One could say that at one point, Tisci was on the sidelines of fashion himself, much as Kardashian was when they first met. When he joined Givenchy in 2005, the brand was flailing; a trio of talented designers (John Galliano, Alexander McQueen, and Julien Macdonald) had all briefly tried to turn the label around, to no avail. Tisci, with his preoccupation with Gothic motifs and love of streetwear, seemed an odd choice to lead a house long associated with Audrey Hepburn and French elegance. It took several seasons for critics to warm up to his aesthetic, but Tisci quickly found success where it mattered—in stores (where shoppers snatched up his leather Nightingale satchels and Rottweiler-printed sweatshirts) and on the red carpet.

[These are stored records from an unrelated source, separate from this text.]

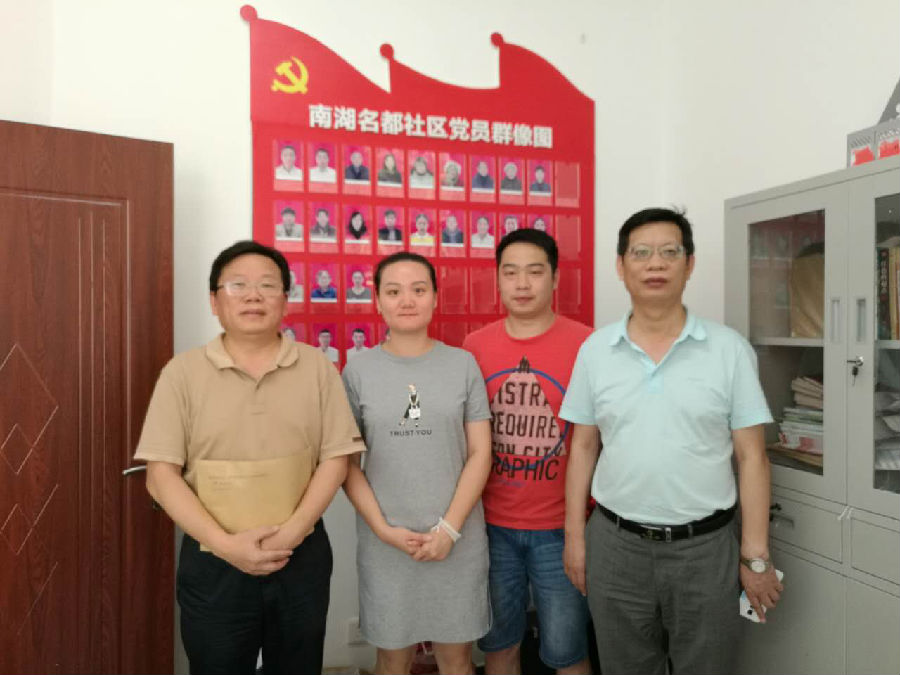 7月28日,我社黨委委員陳令軍和第二支部書記李鵬與南湖名都社區(qū)書記、主任范寅(女),專職副書記張?zhí)煜椋ㄓ叶狱h員進社區(qū)活動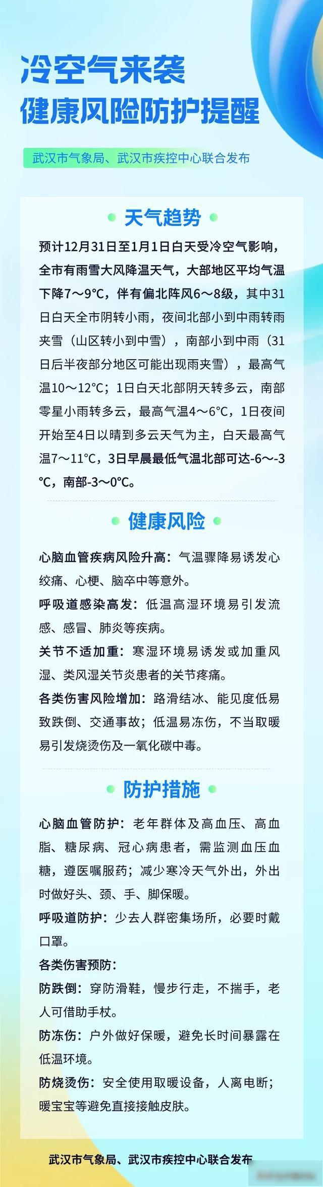 跨年强冷空气来了,今天(12月31日)至2026年1月1日,我市会遭遇大风降温雨雪天气过程,在此提醒您做好防寒保暖措施,随身携带雨具。
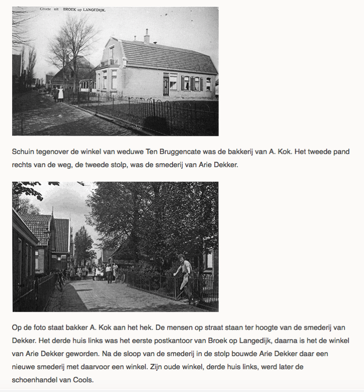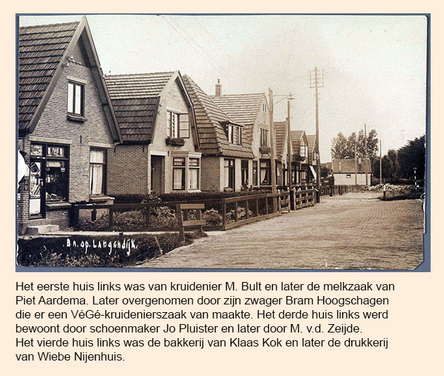 De bovenstaande illustratie van het Noordend van Broek op Langedijk komt uit deel 17 van de ‘Opkomst en ondergang van de middenstand in Broek op Langedijk’ eerder verschenen op deze site. Ondertussen werden er aan de zuidkant van Broek op Langedijk steeds meer woningen gebouwd. De Dijk raakte aan beide zijden bewoond en de Julianastraat en de Wilhelminastraat ontstonden. Op 31 mei 1928 trouwde Klaas Kok met Janna Nieuwenhuizen en betrokken zij een nieuwe bakkerij op de Dijk (op de foto het vierde huis links) in Broek op Langedijk. Of zijn vader zijn bakkerij op het Noordend heeft voortgezet is niet duidelijk. De vader van Klaas, Arie, overleed op 10 januari 1935.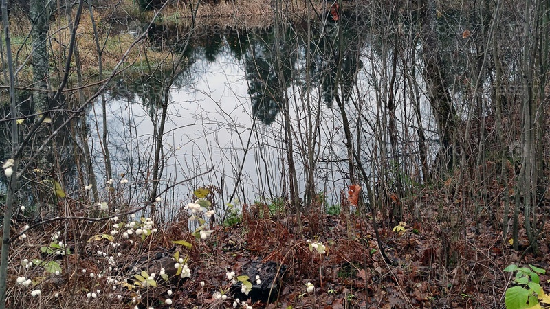 Большая лужа воды на мокром асфальте. Асфальтированная дорога с лужей. Опавшие желтые и коричневые листья деревьев плавают в прозрачной воде. На поверхности воды круги от падающих капель дождя

It remains to be seen how Tisci will shake things up at Burberry, a heritage brand best known for its trench coats and preppy checks. Once again his signature aesthetic seems at odds with the well-established house he enters—but by now the fashion world knows better than to underestimate Tisci’s talent. And while Burberry counts plenty of It Brits as fans (Cara Delevingne, Sienna Miller, Alexa Chung), it’ll be fascinating to see how Tisci riffs off the house’s DNA to make clothes that aren’t just stylish, but sexy. Embellished lace trenches, perhaps? Or sheer plaid slipdresses?
No matter what, expect Kardashian and West to be seated front row center when Tisci reveals his first Burberry collection in September, and for Tisci to continue dressing his longtime muse. After all, as he told The Hollywood Reporter, “I don’t use stars to sell clothes—I dress my friends.”
And in fashion, to quote Kanye West, how many of us are real friends?